Characterization of oncohistone H2B variants in Schizosaccharomyces pombe reveals a key role of H2B monoubiquitination deficiency in genomic instability by altering gene expression.

Various amino acid substitutions commonly occur at one residue of a histone in human cancers, but it remains unclear whether these histone variants have distinct oncogenic effects and mechanisms. Our previous modeling study in the fission yeast Schizosaccharomyces pombe demonstrated that the oncohistone mutants H2BG52D, H2BD67N, and H2BP102L cause the homologous recombination defects and genomic instability by compromising H2B monoubiquitination (H2Bub).
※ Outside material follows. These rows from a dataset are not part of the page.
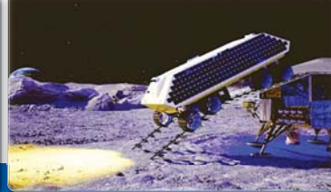
مدعینان فضایی می‌خواهند سطح ماه را برای برداشت آب متعجز کنند و این اتفاق می‌تواند در سال ۲۰۲۲ رخ دهد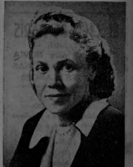
Sra. Eugenie Anderson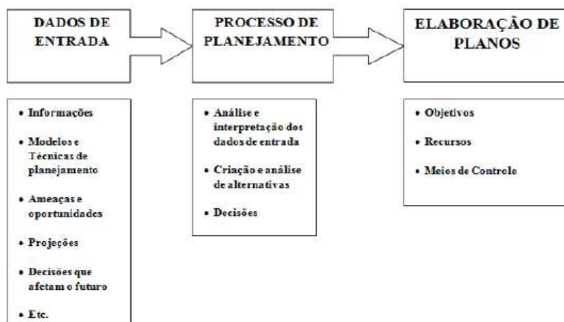
Figura 1 - Processo de Planejamento

Segundo Maximiano (2010), ele é uma dimensão de competências e também um processo de tomada de decisões. Para Montana (2010), o processo de planejamento envolve a escolha do destino, avaliação de diferentes meios e definição de qual estratégia específica será utilizada para se chegar ao destino escolhido. O processo do planejamento compreende três etapas principais demonstradas abaixo segundo Maximiano (2010):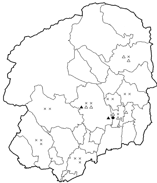
②なし黒星病発生葉率 (2013年6月)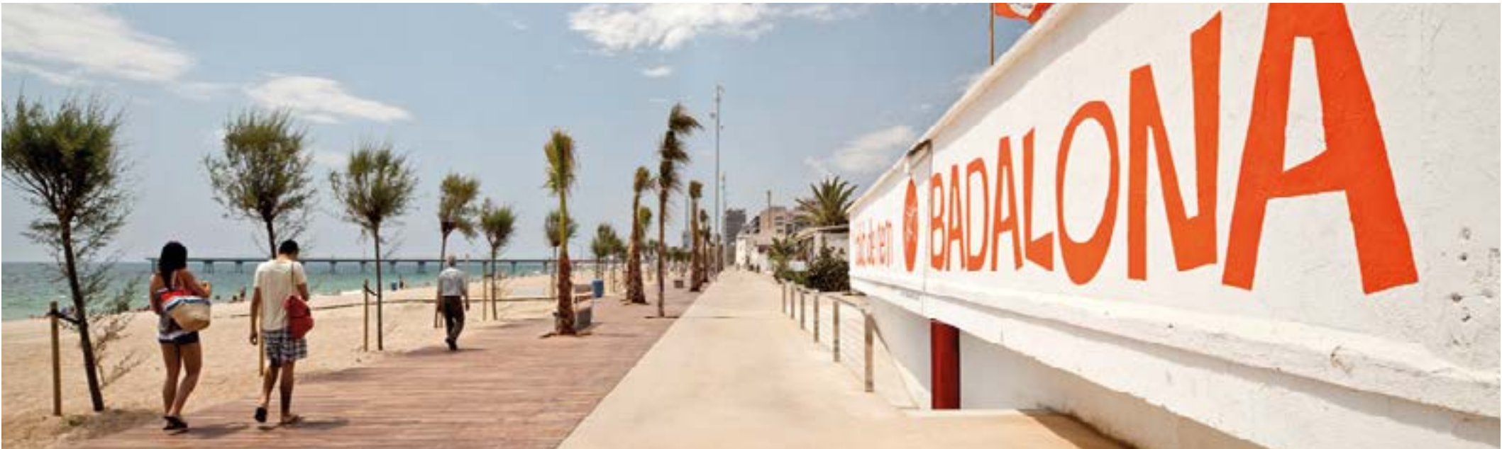
Paseo Marítimo de Badalona a 5 minutos desde la promoción.

Badalona dinámica El Edificio Balcó del Mar se encuentra situado en el barrio de la Mora Port Badalona que forma parte del Distrito V junto con Gorg, Arrabal, Congrés y Can Claris. En el barrio de La Mora destaca el Port de Badalona, el paseo marítimo de la ciudad, el Pont de Sant Lluc y la playa de la Mora. Una ciudad que se ha implicado en una transformación urbana con el objetivo de crear un nuevo modelo urbano. Una ciudad en constante dinamismo y transformación que conserva un gran patrimonio histórico-artístico, gran oferta cultural, servicios al ciudadano y el privilegio de estar rodeado de mar y montaña. Cerca de la promoción encontramos el metro Pep Ventura y Gorg, Tram Gorg, Servicio de Cercanía-Renfe y red de autobuses.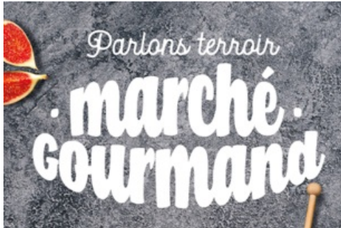
CP Parlons Terroir - Marché Gourmand - 2022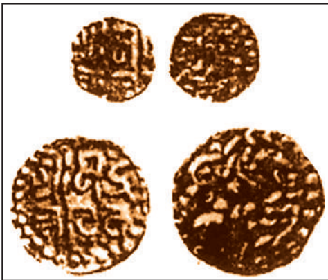
चित्र-1.2 रत्नदेव के शासन काल के सिक्के (12वीं सदी)

इस समय मध्य भारत में परमार वंश के राजाओं का शासन था। इस वंश के राजाओं में सबसे प्रसिद्ध था— राजा भोज। भोज ने सन् 1000 ई. से 1035 ई. तक शासन किया। अपनी शक्तिशाली सेना के कारण ही वह एक विशाल साम्राज्य की स्थापना करने में सफल हुआ था। भोज एक पराक्रमी राजा होने के साथ-साथ विज्ञान, साहित्य और वास्तुकला में भी गहरी रुचि रखता था।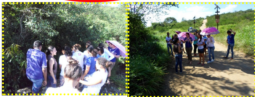
Aula de Campo no Rio Capivari- São José do Itaporã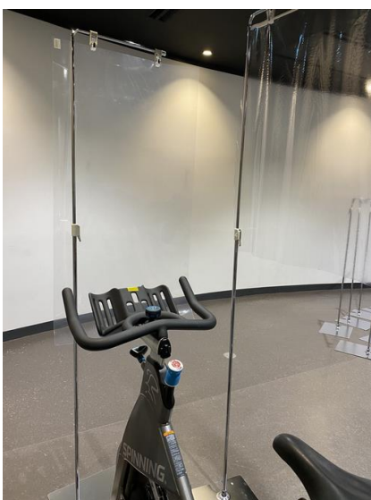
■バイク:2方向をビニールシートで保護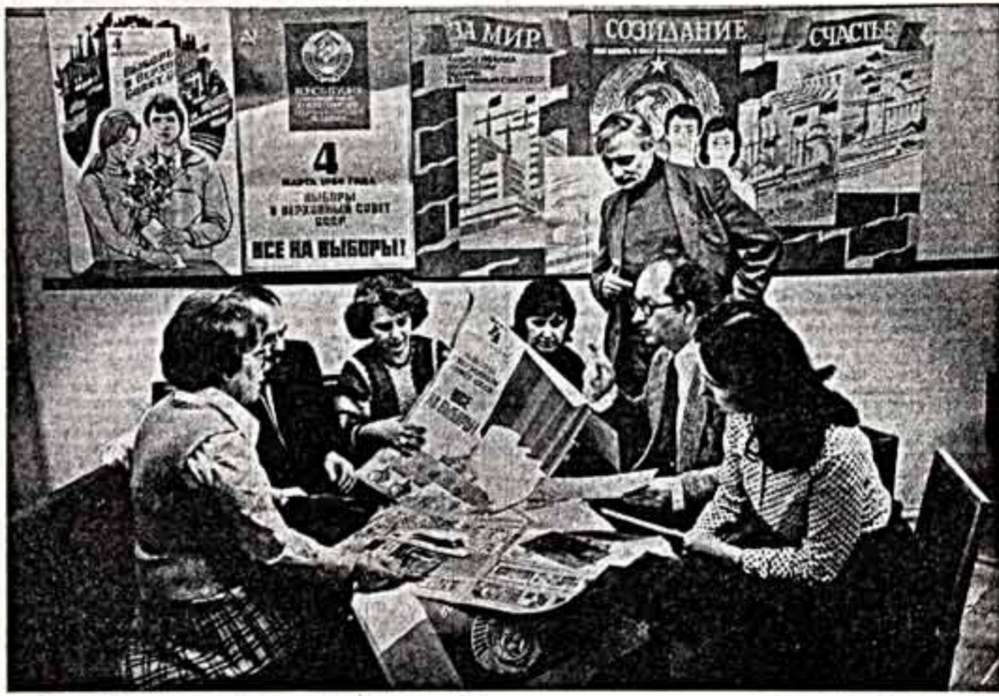
Около 100 наименований различных видов избирательной продукции подготовлено издательством ЦК КПСС «Плакат» к выборам в Верховный Совет СССР.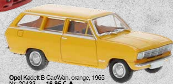
Opel Kadett B CarAVan, orange, 1965 Nr. 20433 16.95 € ▲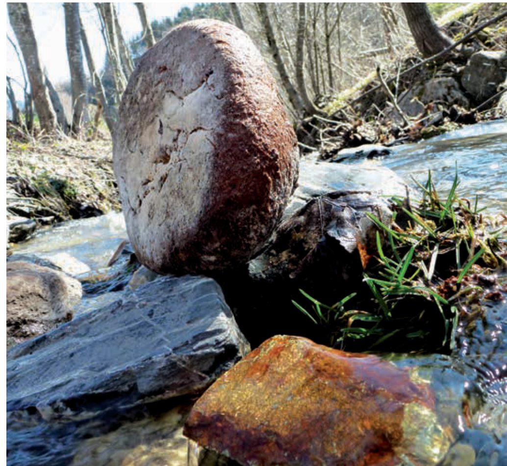
Kupfer und Brot im Bach

habhaft werden konnte, und trug es heim in sein Kirchsteingut. Am nächsten Tag pickelten er und seine Frau mit Knecht und Dirn im Roßbach und stapelten das vermeintliche Gold im Keller des Bauernhauses. Schließlich schickte der Bauer noch seinen Knecht bei Nacht und Nebel nach Dienten, um an einer Kohlstätte des damaligen Eisenbergbaues einen Sack Holzkohle zu stehlen. Anschließend versuchten sie gemeinsam, das Erz im Keller zu schmelzen. Dieser Versuch misslang, doch dabei wäre beinahe der Bauernhof abgebrannt.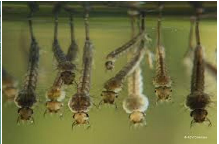
so lyk waterskerpioenlarwes

Hierdie soort gogga is 'n waterbesie en behoort aan die familie Nepidae . Hulle is nie giftig nie, maar as hulle bedreig voel, sal hulle knyp met hulle knypers, en dit kan seer wees. Hulle skerpioenagtige voorkoms laat lyk hulle gevaarliker as wat hulle is. Jy sal niks oorkom as jy dit op jou handpalm sit nie.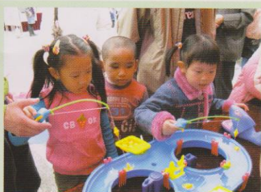
聯合書院校友會於中大校友日活動中特設會員招募及攤位遊戲，大受校友歡迎。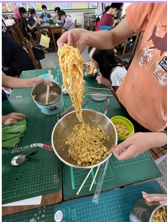
全班師生專心聆聽學生講解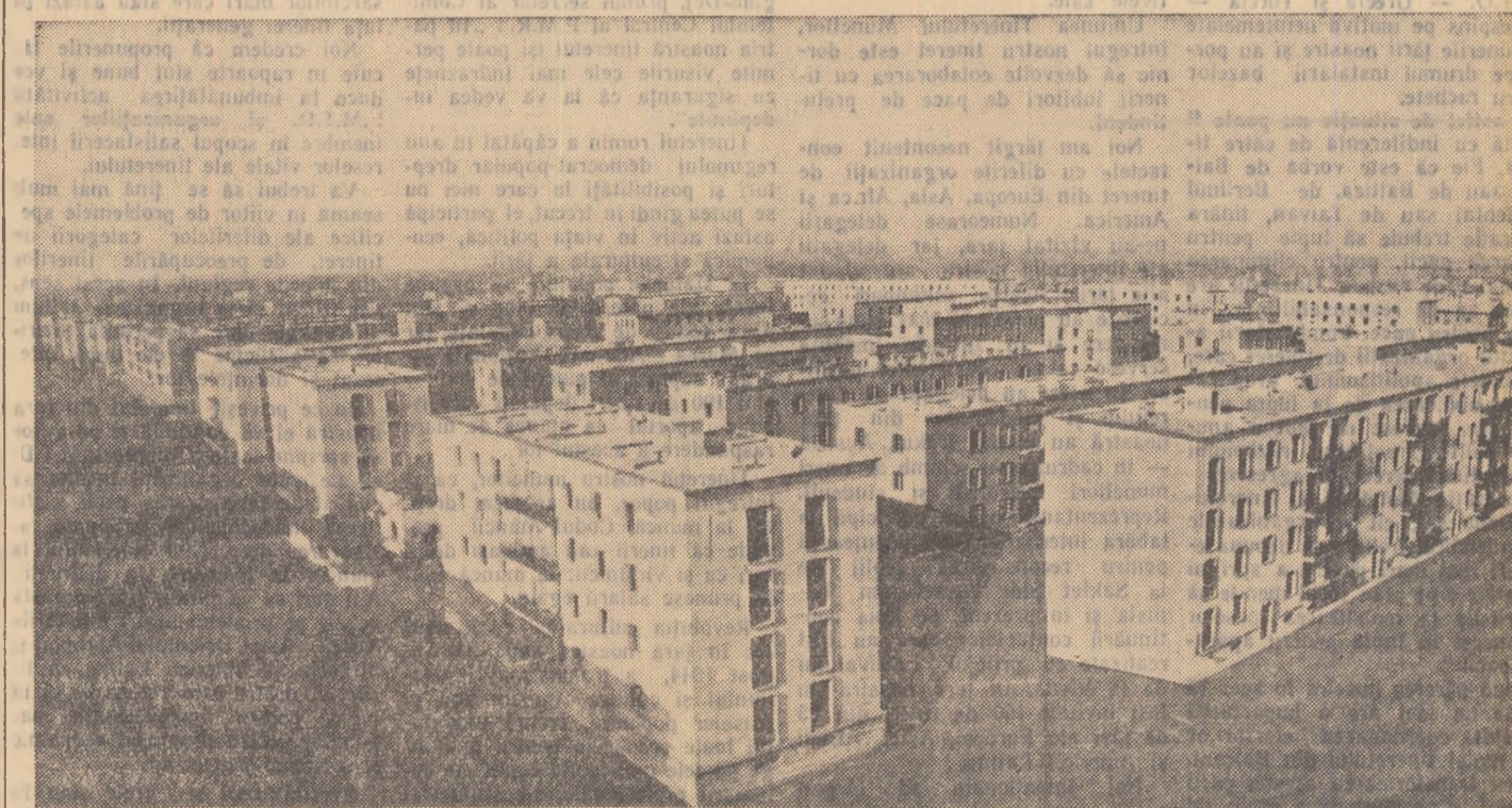
Unul din blocurile noi construite în cartierul Floreasca, București.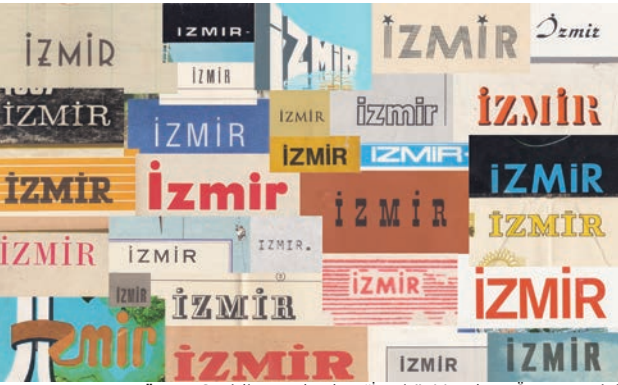
ÜSTTE Çeşitli yayınlardan "İzmir"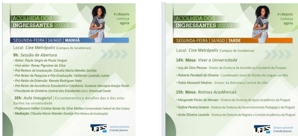
Figura 10 – Programação Acolhida dos Ingressantes 2023.2

However, it is unknown whether other amino acid changes at the H2B-Gly52/Asp67/Pro102 residues influence H2Bub levels and whether they cause genomic instability by altering H2Bub-regulated gene expression. Here, we construct diverse oncomutants at the sole H2B gene htb1-Gly52/Asp67/Pro102 sites in S. pombe and study their impacts on genotoxic response, H2Bub levels, and gene expression. Interestingly, the oncomutants htb1-G52D, htb1-D67N, and htb1-P102L exclusively exhibit significant genotoxic sensitivity, reduced H2Bub levels, and altered gene expression. These defects can be rescued by restoring H2Bub levels with the deletion of the H2B deubiquitinase ubp8+. These strong genetic correlations suggest that H2Bub deficiency plays a determinant role in the genomic instability of htb1-Gly52/Asp67/Pro102 oncomutants and that the alteration of gene expression due to reduced H2Bub levels is a novel mechanism underlying the genomic instability caused by htb1-G52D, htb1-D67N, and htb1-P102L oncomutations.